Corneal Dystrophy and the
Cavalier King Charles Spaniel
- What It Is
- Related Disorders
- Breeders' Responsibilities
- What You Can Do
- Related Links
- Veterinary Resources
Corneal dystrophy is a genetic disorder which is relatively common in cavalier King Charles spaniels. It is the development of gray-white opaque deposits of calcium and fats under the surface of both of the dog's corneas. They usually appear in cavaliers between the ages of two and four years.
The form of corneal dystrophy most common among CKCSs is epithelial/stromal dystrophy, which describe the gray-white opacity which is visible in the dog's eyes. (See photo below at right.) This disorder may also be referred to as lipidosis. In the cavalier, it is believed to be caused by hyperlipoproteinemia, which is an inability to break down lipids or fats, particularly cholesterol and triglycerides, in the body.
In a 1993 report, Dr. Shiela Crispin found that, especially in the cavalier King Charles spaniel, crystalline stromal dystrophy due to hyperlipoproteinaemmia (raised HDL, LDL, and VLDL) is an ocular manifestation of Cushing's syndrome. (The photo at right, from Dr. Crispin's 1993 report, shows the eye of a cavalier with crystalline stromal dystrophy secondary to hyperlipoproteinaemia associated with Cushing’s syndome. The right eye is shown and the lipid is situated immediately lateral to the camera flash.)
All CKCSs should be examined at least annually by a board certified veterinary ophthalmologist. They are listed on the website of the American College of Veterinary Ophthalmologists (ACVO).
Corneal dystrophy has been recognized as a manifestation of Cushing's disease in the CKCS
Corneal dystrophy usually does not affect vision, is not painful, and no treatment is necessary. In an abstract presented to the 2010 WSAVA Congress by Dr. Charlotte Keller, DACVO, DECVO, she suggests that treatment may include the reduction of fat intake.
However, since corneal dystrophy in the CKCS has been found to be a manifestation of Cushing's disease, testing for that disorder also should be performed.
Currently, the Canine Eye Registration Foundation (CERF) does not deny certification to cavalier King Charles spaniels which are affected with corneal dystrophy, because the Genetics Committee of the ACVO classifies the disorder as a "breeder option" for CKCSs. However, the Canine Inherited Disorders Database recommends that all dogs suffering from corneal dystrophy not be bred.
The Cavalier King Charles Spaniel Club, USA recommends that, prior to breeding any Cavalier, the dog have a normal rating or be within CERF "breeder options" from a screening by a board certified veterinary ophthalmologist.

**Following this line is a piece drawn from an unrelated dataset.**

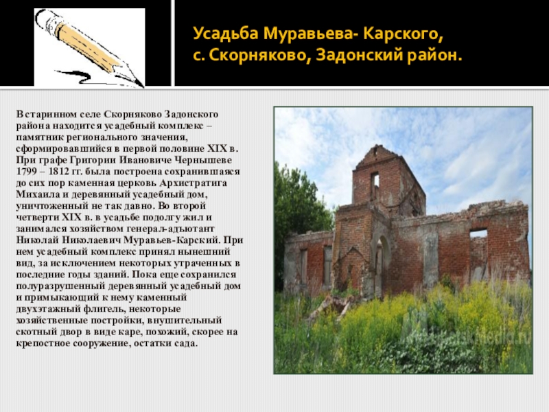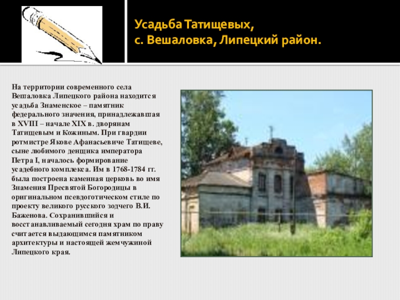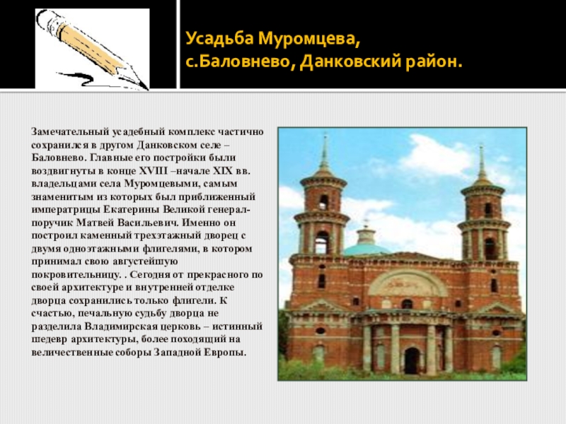 Данковском селе – Баловнево. Главные его постройки были воздвигнуты в конце XVIII –начале XIX вв.владельцами села Муромцевыми, самым знаменитым из которых был приближенный императрицы Екатерины Великой генерал-поручик Матвей Васильевич. Именно он построил каменный трехэтажный дворец с двумя одноэтажными флигелями, в котором принимал свою августейшую покровительницу. . Сегодня от прекрасного по своей архитектуре и внутренней отделке дворца сохранились только флигели. К счастью, печальную судьбу дворца не разделила Владимирская церковь – истинный шедевр архитектуры, более походящий на величественные соборы Западной Европы.

The Canine Health Information Center (CHIC) is a centralized canine health database sponsored by the AKC/Canine Health Foundation (AKC/CHF) and OFA. The CHIC, working with participating parent clubs, provides a resource for breeders and owners of purebred dogs to research and maintain information on the health issues prevalent in specific breeds.
AKC's national breed clubs establish the breed specific testing protocols. Dogs complying with the breed specific testing requirements are issued CHIC numbers. The ACKCSC requires that, to qualify for CHIC certification, cavaliers must have a CERF eye examination, recommending that an initial CERF exam be performed at 8 to 12 weeks, with a follow up exam once the dog reaches 12 months, and annual exams thereafter until age 5 years, and every other year until age 9 years. However, all that is required to qualify for a CHIC certificate is that the breeding stock be examined by a veterinary ophthalmologist. It does not require that the results of the examination show no eye disorders.
Ocu-GLO Rx is a nutraceutical containing several natural antioxidants in a combination blend formulated specifically for canine eye health. Many veterinary ophthalmologists recommend this product to maintain healthy eyes. Even if your dog has not been diagnosed with a vision disorder, antioxidants contained in Ocu-GLO Rx are considered helpful in keeping dogs' eyes healthy.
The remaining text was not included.